Terrified, Tracy realized that if she stayed in the abusive marriage it could end in death and she made the difficult decision to divorce Lloyd, despite her strong religious convictions.

Lloyd Barrus Meets Second Wife Debra Del Bosque

Tracy tried to find a fresh start. The couple’s divorce agreement declared they’d share custody of the boys. But after she left Marshall and Jeffrey in the care of a neighbor for a weekend to try to decompress, Lloyd kidnapped the boys and moved them hundreds of miles away to Washington.

As Tracy spent years talking to lawyers and trying to find ways to get her sons back, Lloyd met a newly divorced mother of two, Debra Del Bosque, at his Mormon church. 

Del Bosque described him as a “nice guy” who she had “a lot of good chemistry” with and the pair quickly married before moving their new blended family to Alaska. Together, they had three more children.

But, much like his first marriage, Del Bosque reported that he soon began having secretive meetings with his neighbor, refused to pay taxes and disappeared for days on what he referred to as “CIA missions.” 

The marriage was also filled with violence and Del Bosque said that after Lloyd callously shot a neighbor’s puppy in the head, she decided it was time to flee. With the help of a Mormon bishop, who donned a disguise to purchase her family tickets at the airport, Del Bosque secretly fled with her children. But she had to leave Marshall and Jeffrey behind. 

How did Lloyd Barrus indoctrinate his sons, Marshall and Jeffrey?

Alone with their father in Alaska, Lloyd began to indoctrinate his two sons, teaching them how to use weapons and spewing his anti-government rhetoric. 
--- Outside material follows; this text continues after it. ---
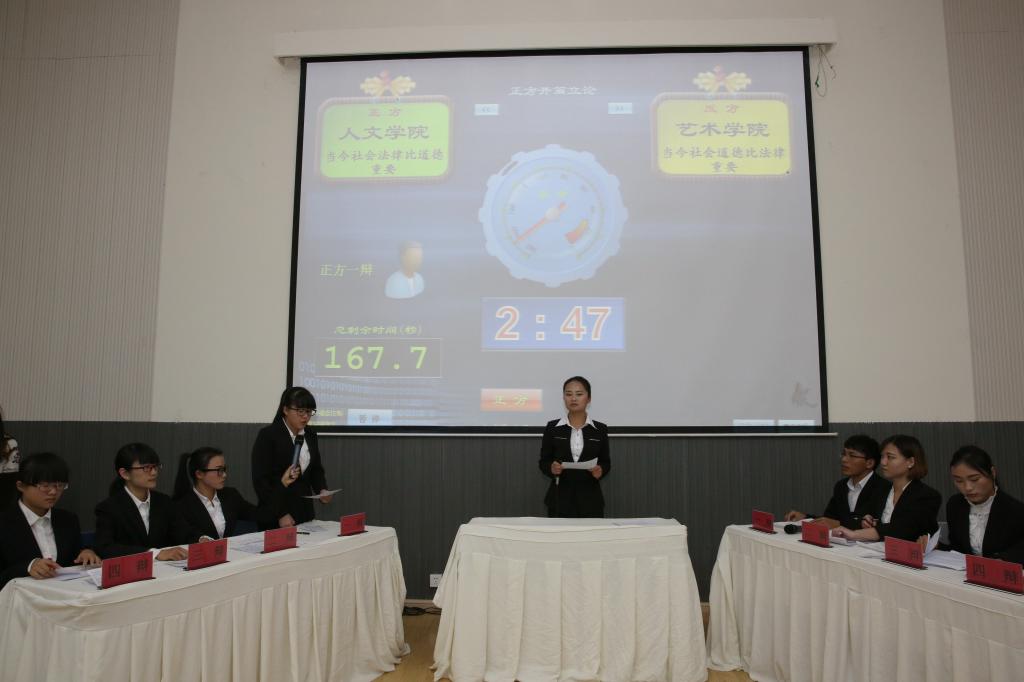 经过初赛、复赛,政法学院、人文学院、经管学院及艺术学院脱颖而出,进入最后的总决赛。比赛分两场进行,人文学院和艺术学院、政法学院和经管学院分别捉对厮杀。正反双方围绕“当今社会法律比道德重要还是道德比法律重要”的辩题展开辩论。
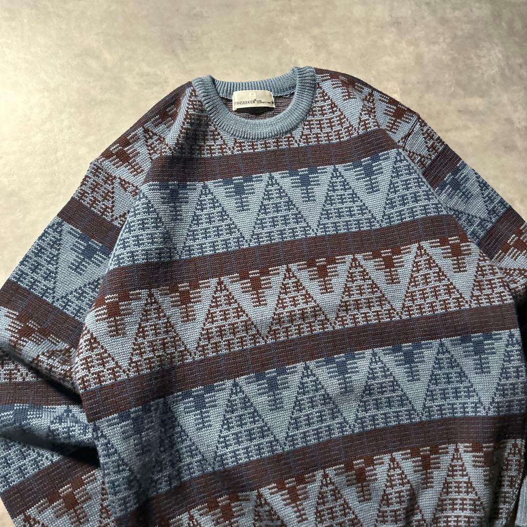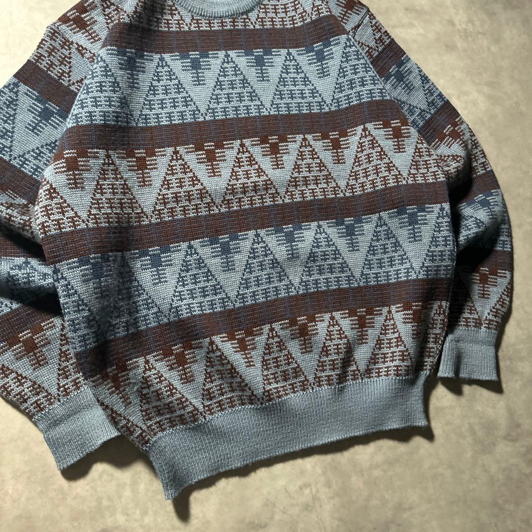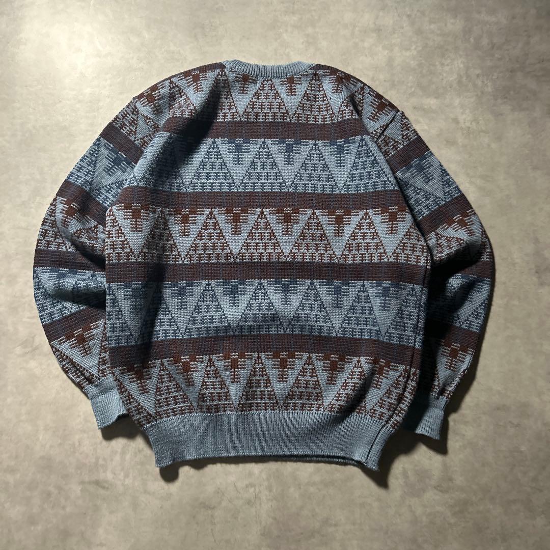 ヴィンテージ ブルー 幾何学 模様 レトロ アートパターン ニット セーター

Tracy said Lloyd turned the boys into “monsters,” running them through gun drills and convincing them there would be a war with the U.S. government.

“They were conditioned to have such aberrant beliefs and aberrant behaviors,” she said.

The Arrests of Lloyd and Jeffrey Barrus

By March of 2000, Lloyd was living in Idaho with a new girlfriend and continuing to blame police and the government for his life going awry. Instead of appearing in court for a hearing on a DUI charge, Lloyd and his girlfriend skipped town with his now 20-year-old son Jeffrey behind the wheel.

The trio was driving on US 95, about 60 miles from Las Vegas, Nevada, when a highway patrolman saw the car flying past him. Without any backup, the patrolman pulled the car over and saw firearms openly on display in the vehicle.

He called for backup, but just as backup arrived, Jeffrey took off, leading authorities on a high speed chase into California as they shot at police. When they got to Death Valley, the trio got out of the car and fled into the desert where they dug a makeshift bunker and hid out, despite having no water.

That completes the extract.